§ **What to produce**: With the images removed, repeat the data below exactly.

§ **Data below**:
= = =

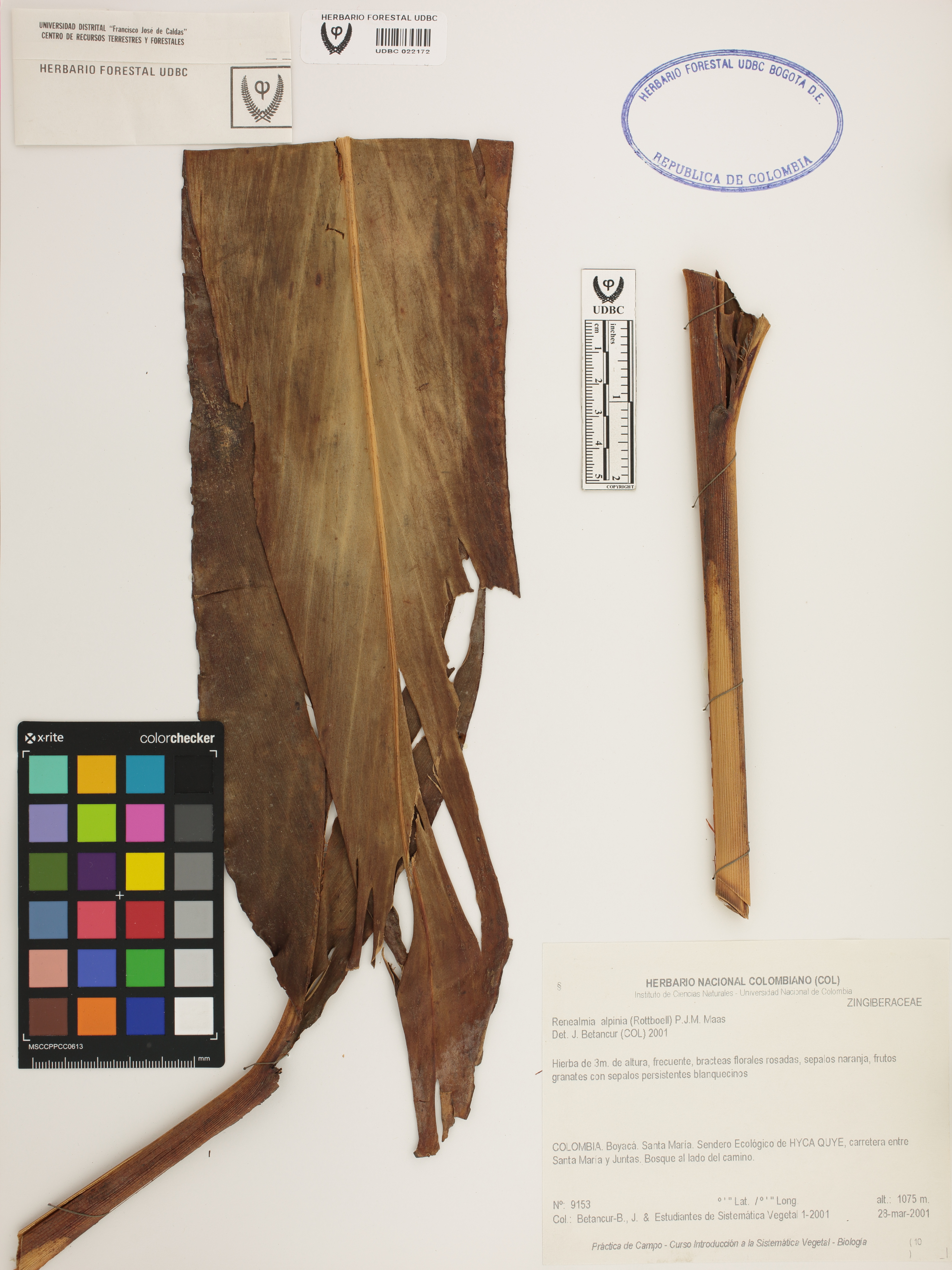 Fotografía del ejemplar Betancurt-B., J. 9153, determinado como Renealmia alpinia en el año 2001
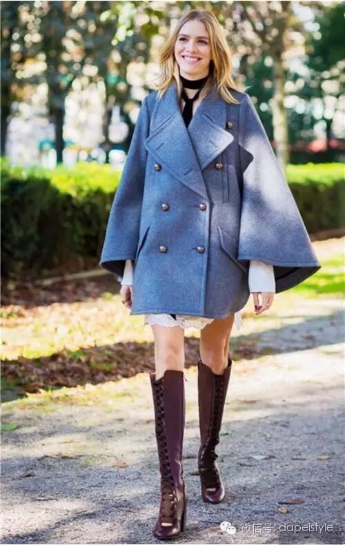 相信一件又很多妹子开始穿斗篷出街了吧,但是你觉得穿斗篷搭配一双小短靴真的好看吗?赶紧穿一双长靴吧,这样形成上宽下窄,还能显得下半身更加修长和纤细。这样一双走上街头一定是人群中的亮点。
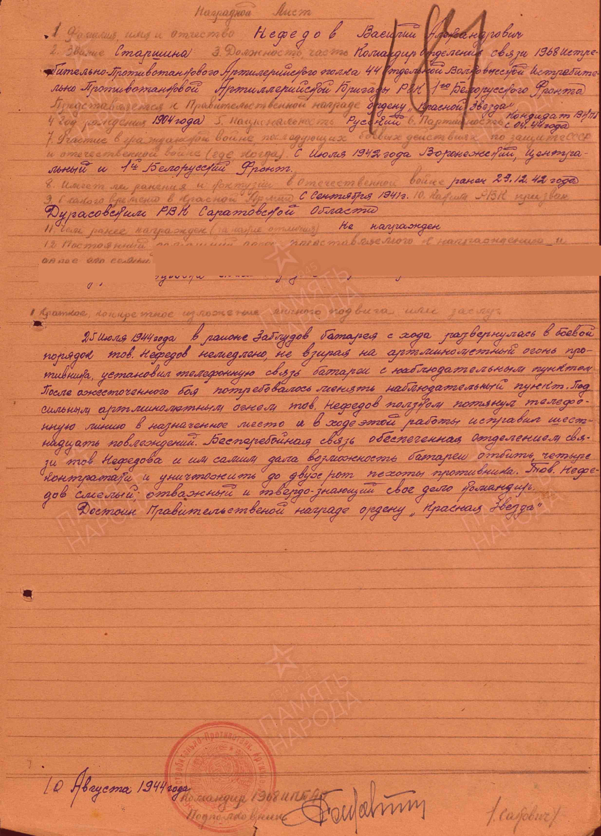 Командир отделения связи 1968 истребительно-противотанкового артиллерийского полка. Два раза переходил линию фронта, там же получил осколочное ранение Дважды был награжден Орденом Красной Звезды и Медалью «За победу над Германией в Великой Отечественной войне 1941–1945 гг.». 25 июля 1944 года в районе Заблудов батарея с хода развернулась в боевой порядок тов. Нефедов немедлено, не взирая на артминометный огонь противника, установил телефонную связь батареи с наблюдательным пунктом. После ожесточенного боях потребовалось менять наблюдательный пункт. Под сильным артминометным огнем тов. Нефедов ползком потянул телефонную линию в назначенное место и ходе этой работы исправил шест надцать повлеждений. Бесперебойная связь обеспеченная отделением связа тов. Нефедова и им самим дала возможность батареи отбить четыре контратаки и уничтожить до двух рот пехоты противника. Тов. Нефедов смелый отважный и твердо знающий свое дело командир. ...» После ВОВ участвовал в Советско-Японской войне Умер в 1979 году от блуждающего осколка в легком
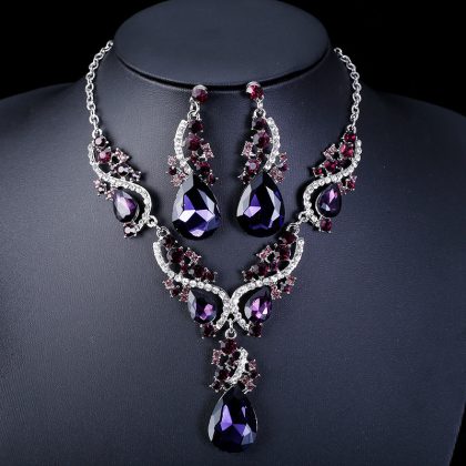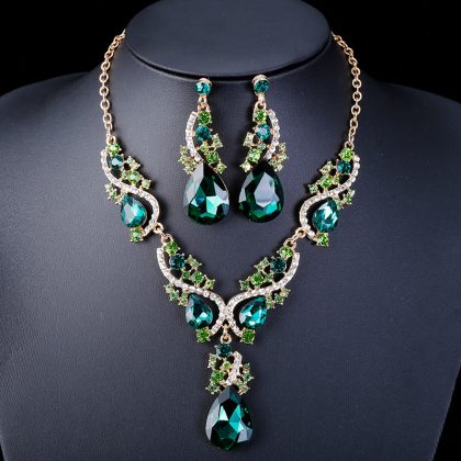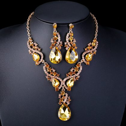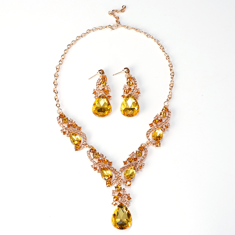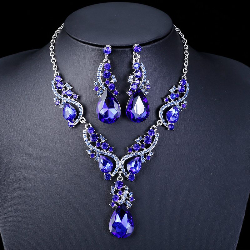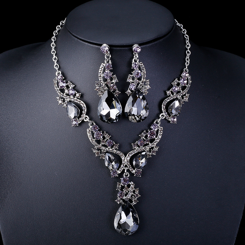 | nameOriginal | European and American Foreign Trade Crystal Gem Necklace Earrings Set Retro Diamond Pendant String Bridal Wedding Banquet Jewelry |

= = =

§ **Completed task**:
 Fotografía del ejemplar Betancurt-B., J. 9153, determinado como Renealmia alpinia en el año 2001
 相信一件又很多妹子开始穿斗篷出街了吧,但是你觉得穿斗篷搭配一双小短靴真的好看吗?赶紧穿一双长靴吧,这样形成上宽下窄,还能显得下半身更加修长和纤细。这样一双走上街头一定是人群中的亮点。
 Командир отделения связи 1968 истребительно-противотанкового артиллерийского полка. Два раза переходил линию фронта, там же получил осколочное ранение Дважды был награжден Орденом Красной Звезды и Медалью «За победу над Германией в Великой Отечественной войне 1941–1945 гг.». 25 июля 1944 года в районе Заблудов батарея с хода развернулась в боевой порядок тов. Нефедов немедлено, не взирая на артминометный огонь противника, установил телефонную связь батареи с наблюдательным пунктом. После ожесточенного боях потребовалось менять наблюдательный пункт. Под сильным артминометным огнем тов. Нефедов ползком потянул телефонную линию в назначенное место и ходе этой работы исправил шест надцать повлеждений. Бесперебойная связь обеспеченная отделением связа тов. Нефедова и им самим дала возможность батареи отбить четыре контратаки и уничтожить до двух рот пехоты противника. Тов. Нефедов смелый отважный и твердо знающий свое дело командир. ...» После ВОВ участвовал в Советско-Японской войне Умер в 1979 году от блуждающего осколка в легком
 | nameOriginal | European and American Foreign Trade Crystal Gem Necklace Earrings Set Retro Diamond Pendant String Bridal Wedding Banquet Jewelry |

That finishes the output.